Do Ask HN or Show HN receive more comments on average? 
Do posts created at a certain time receive more comments on average?

#### Reading and extracting data
First I´ll open, read and extract related data

In [8]:
import csv
import datetime as dt

In [9]:
with open('HN_posts_year_to_Sep_26_2016.csv', mode='r') as opened_file:
  reader = csv.reader(opened_file)
  hn = list(reader)
  header = hn[0]
  hn = hn[1:]

print(header)
print('\n')
print(hn[:5])

['id', 'title', 'url', 'num_points', 'num_comments', 'author', 'created_at']

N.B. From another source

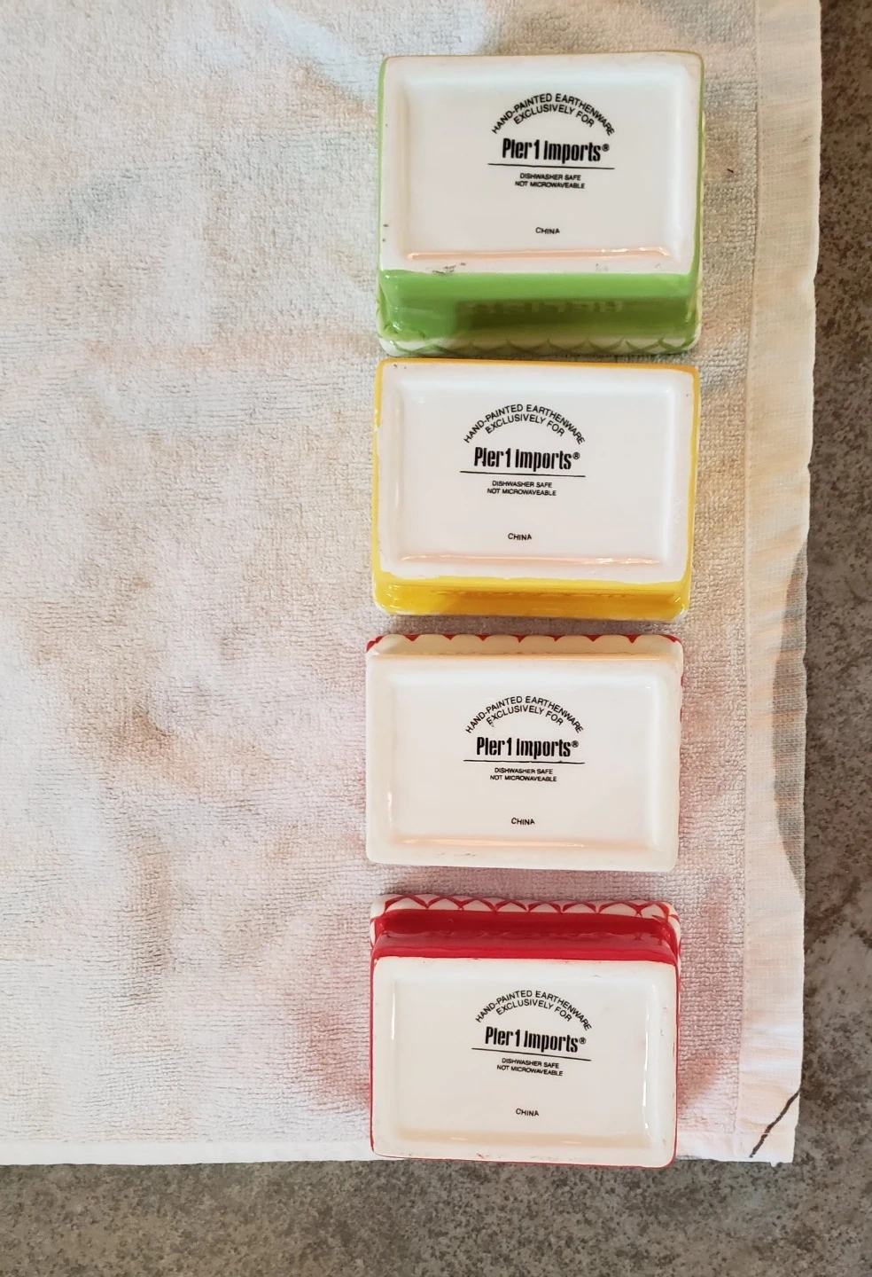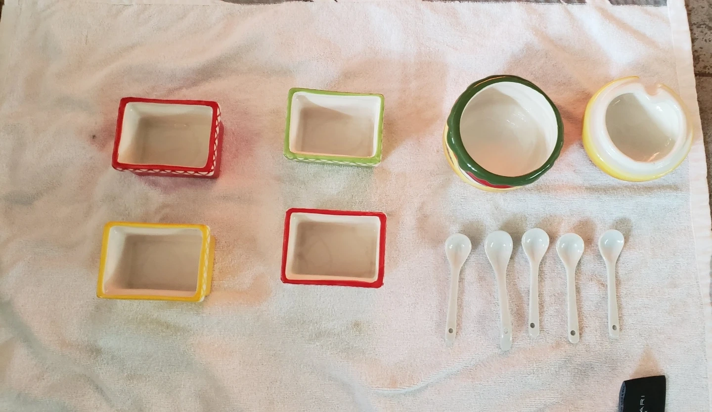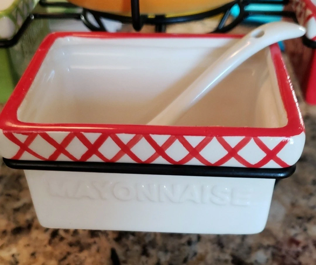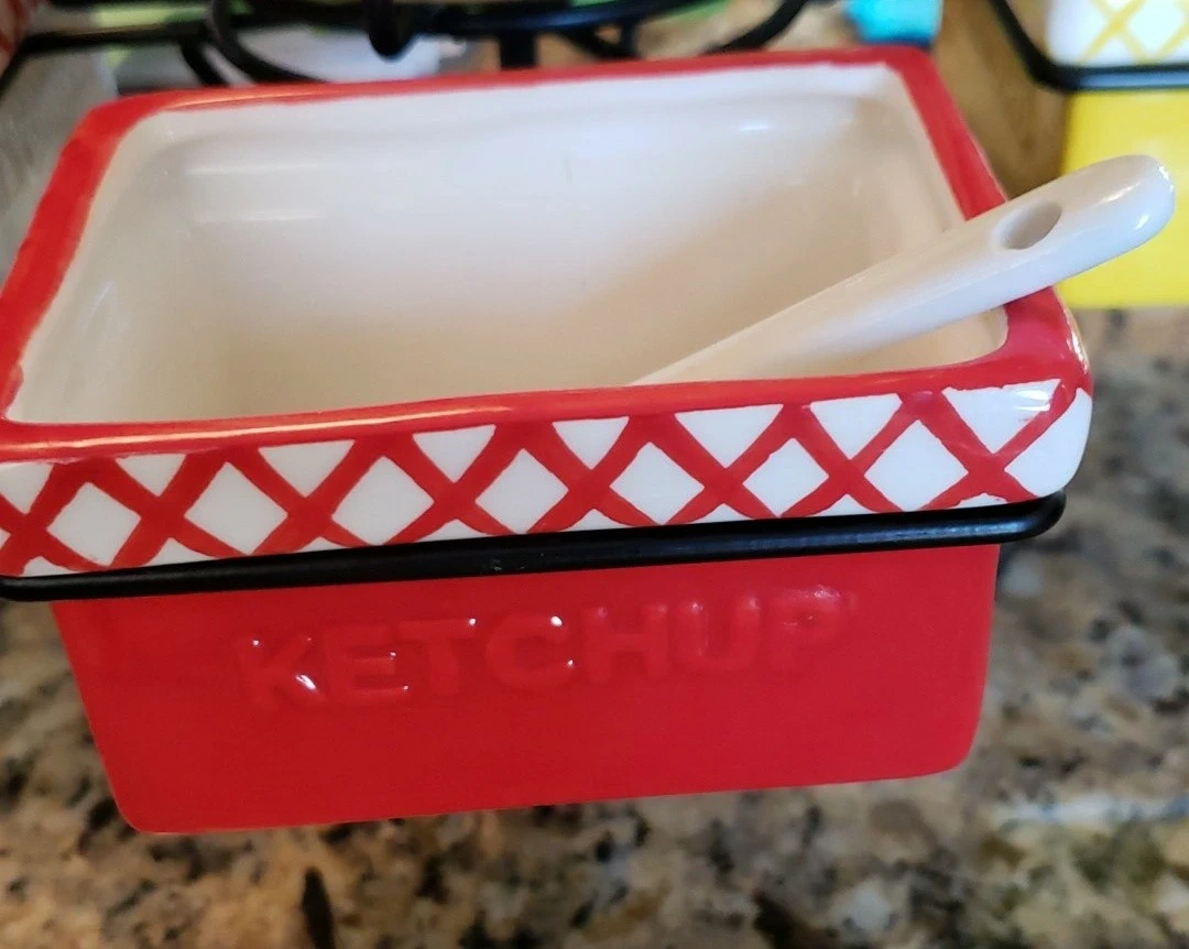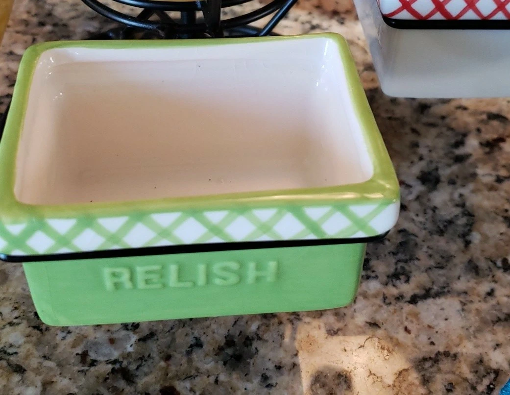 Pier 1 Imports condiment server set, including the bowl, four small square dishes, spoons, and metal stand. The dishes are mustard,relish, ketchup and mayonnaise. Do not have original box

[['12579008', 'You have two days to comment if you want stem cells to be classified as your own', 'http://www.regulations.gov/document?D=FDA-2015-D-3719-0018', '1', '0', 'altstar', '9/26/2016 3:26'], ['12579005', 'SQLAR  the SQLite Archiver', 'https://www.sqlite.org/sqlar/doc/trunk/README.md', '1', '0', 'blacksqr', '9/26/2016 3:24'], ['12578997', 'What if we just printed a flatscreen television on the side of our boxes?', 'https://medium.com/vanmoof/our-secrets-out-f21c1f03fdc8#.ietxmez43', '1', '0', 'pavel_lishin', '9/26/2016 3:19'], ['12578989', 'algorithmic music', 'http://cacm.acm.org/magazines/2011/7/109891-algorithmic-composition/fulltext', '1', '0', 'poindontcare', '9/26/2016 3:16'], ['12578979', 'How the Data Vault Enables the Next-Gen Data Warehouse and Data Lake', 'https://www.talend.com/blog/2016/05/12/talend-and-Â\x93the-data-vaultÂ\x94', '1', '0', 'markgainor1', '9/26/2016 3:14']]

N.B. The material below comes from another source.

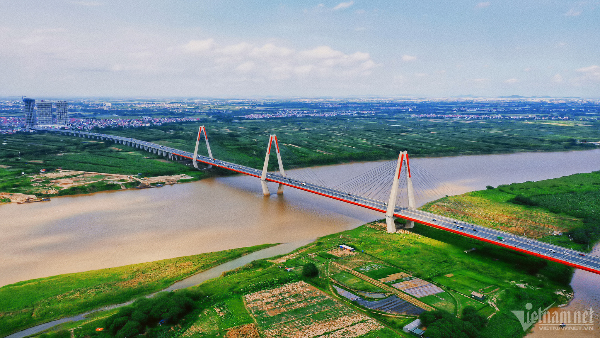 Located on Ring Road 3, the nine-kilometer Nhat Tan bridge (or Vietnam-Japan Friendship bridge) is the longest suspension bridge in Vietnam. It was opened to traffic on January 4, 2015, the same day with two other works - Vo Nguyen Giap Road and Terminal T2 of the Noi Bai International Airport. These are national key projects, with a total investment of nearly 2 billion USD, mainly from ODA loans of the Japanese Government.

#### Extracting from datasets datas with 0 comments

I'll use only datas where nr.comments is 1 or higher. 

In [47]:
new_hn = []
hn_zero = []

for row in hn:
  comments = row[4]
  if comments == '0':
    hn_zero.append(row)
  else:
    new_hn.append(row)

print('I will use this nr.of records:', len(new_hn))
print('These nr.of records will not be used, because of 0 comments:', len(hn_zero))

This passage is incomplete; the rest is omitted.